Parametric distributions are probability distributions that you can describe using a finite set of parameters. You can choose a distribution model for your data based on a parametric family of probability distributions, and then adjust the parameters to fit the data. You can then perform further analyses by computing summary statistics, evaluating the probability density function (pdf) and cumulative distribution function (cdf), and assessing the fit of the distribution to your data.
Nonparametric and empirical distributions provide estimates of probability density functions (pdf) or cumulative distribution functions (cdf) based on sample data. You can use this approach when the data cannot be described accurately by the supported parametric distributions. Statistics Toolbox™ supports the following nonparametric and empirical techniques:
Piecewise linear distribution
Empirical cumulative distribution function
Piecewise distribution with Pareto tails
Statistics Toolbox provides several ways to work with parametric and nonparametric probability distributions.

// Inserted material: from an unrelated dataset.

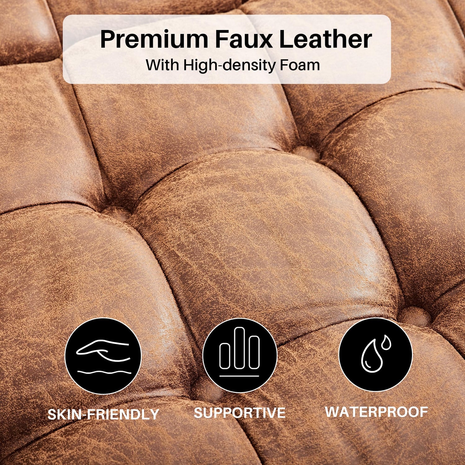 Redlife 35 Inch Large Square Storage Ottoman Bench, Storage Ottoman Coffee Table Large Square Ottoman with Storage Lift Top Tufted Storage Ottoman for Living Room (Brown Leathaire)

Apps and user interfaces provide an interactive approach to working with parametric and nonparametric probability distributions.
Use the Distribution Fitting app to fit a distribution to your data and export a probability distribution object to your workspace for further analysis.
Use the Probability Distribution Function user interface to visually explore probability distributions.
Use the Random Number Generation user interface to generate random data from a specified distribution and export the results to your workspace.
Probability distribution objects provide a convenient way to explore and fit your data to a parametric or nonparametric distribution, save the results to a single entity, and generate random data from the resulting parameters.
Command-line functions let you further explore parametric and nonparametric distributions, fit relevant models to your data, and generate random data. You can use command-line functions to work with distributions that are not currently supported as probability distribution objects.